In 2007, Dumatrait made his major league debut with the Cincinnati Reds.

===Pittsburgh Pirates===
The Pittsburgh Pirates claimed him off waivers on October 26, 2007. He started the 2008 season as a reliever, but became a starter when Matt Morris was released. He gained his first major league victory on May 7, 2008, against the San Francisco Giants, pitching 5 2/3 shutout innings in the 3–1 Pirates victory. Dumatrait missed the last several months of the season because of an arm injury and opted to have surgery performed.

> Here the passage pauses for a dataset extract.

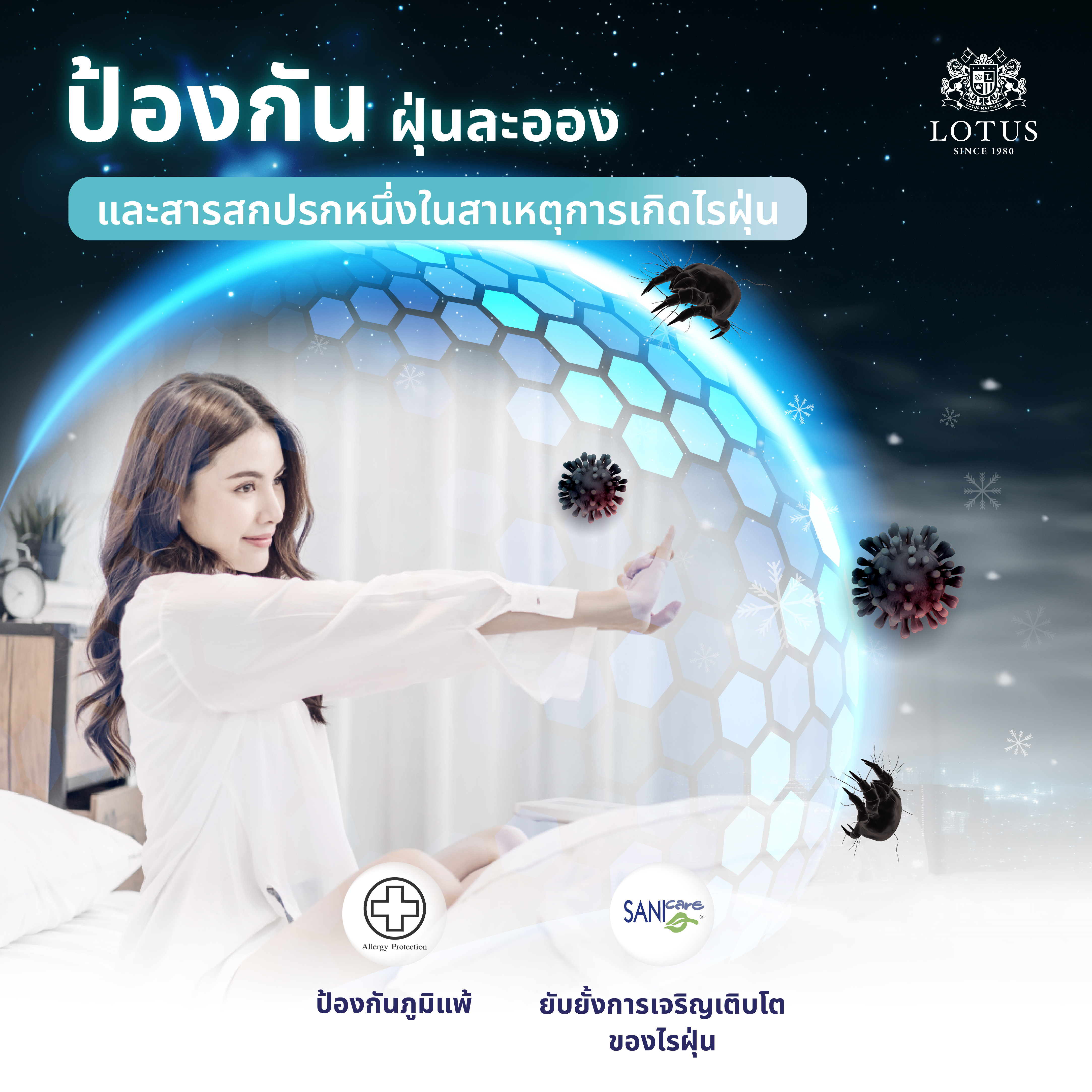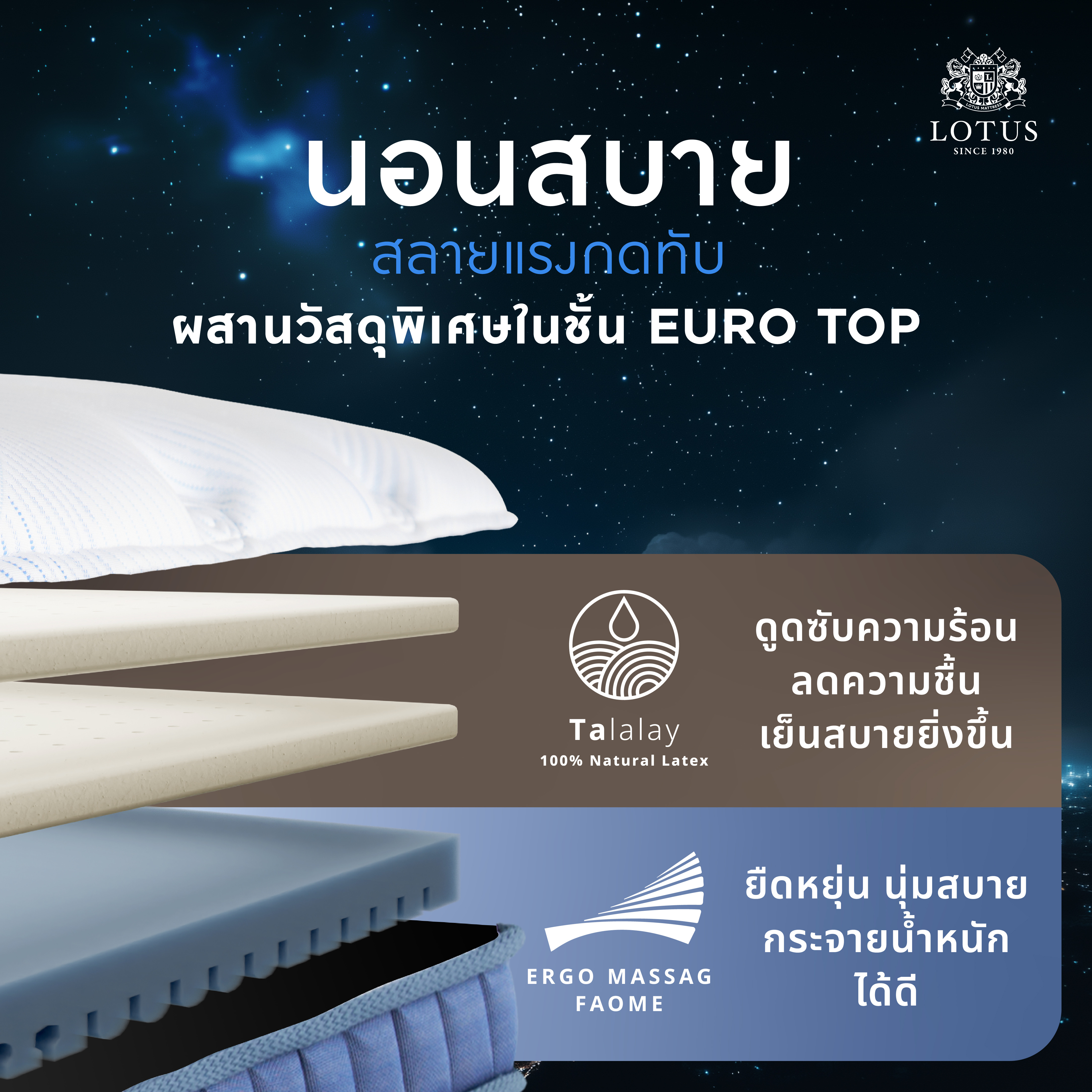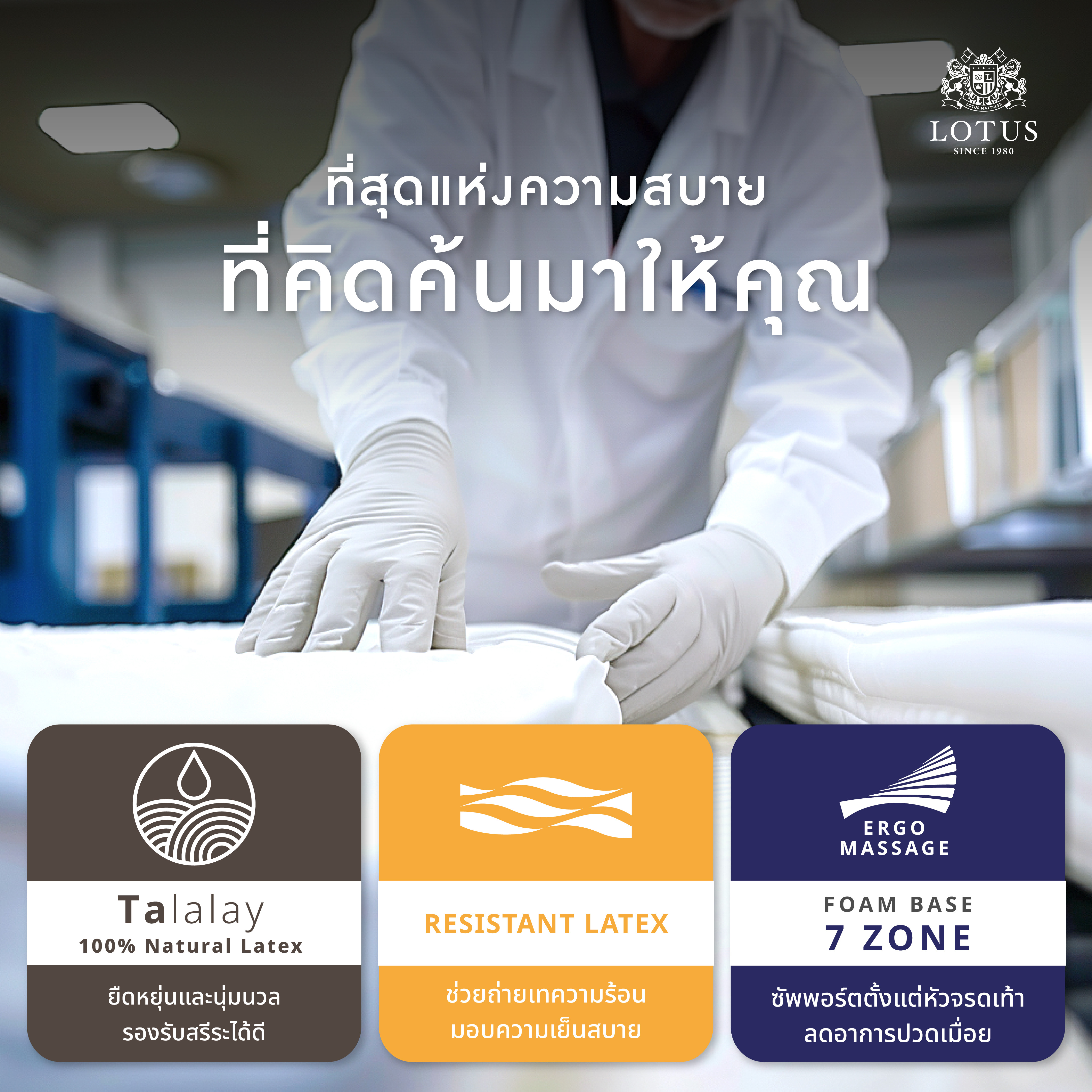 Elevate your comfort with Talalay Latex, offers superior elasticity and a delicately soft touch. Designed to contour perfectly to your body, promoting ergonomic support and pressure relief throughout the night. Additionally, its antibacterial and dust mite-resistant properties help reduce allergy risks, ensuring a cleaner and healthier sleep environment. Advanced Support with Resistant Latex, an exclusive latex innovation by LOTUS, designed to deliver superior pressure relief and relaxing feel every time you lie down. With greater elasticity than natural latex, it conforms more effectively to the body while also offering excellent resistance to high temperatures for added safety.

On September 19, 2009, the Pirates announced their intention to option Dumatrait to their Triple-A affiliate, the Indianapolis Indians. Dumatrait was non-tendered after the 2009 season and became a free agent.

===LG Twins===
On December 19, 2009, Dumatrait signed a minor league contract with the Detroit Tigers that included an invitation to spring training.

On May 19, 2010, Dumatrait signed with LG Twins of the KBO League.

===Minnesota Twins===
On November 17, 2010, Dumatrait signed a minor league deal with an invitation to spring training with the Minnesota Twins. He had his contract purchased by the Twins on May 15, 2011. He declared for free agency on October 21.

On November 16, 2011, Dumatrait re-signed with the Twins organization on a minor league contract. Dumatrait retired on May 29, 2012.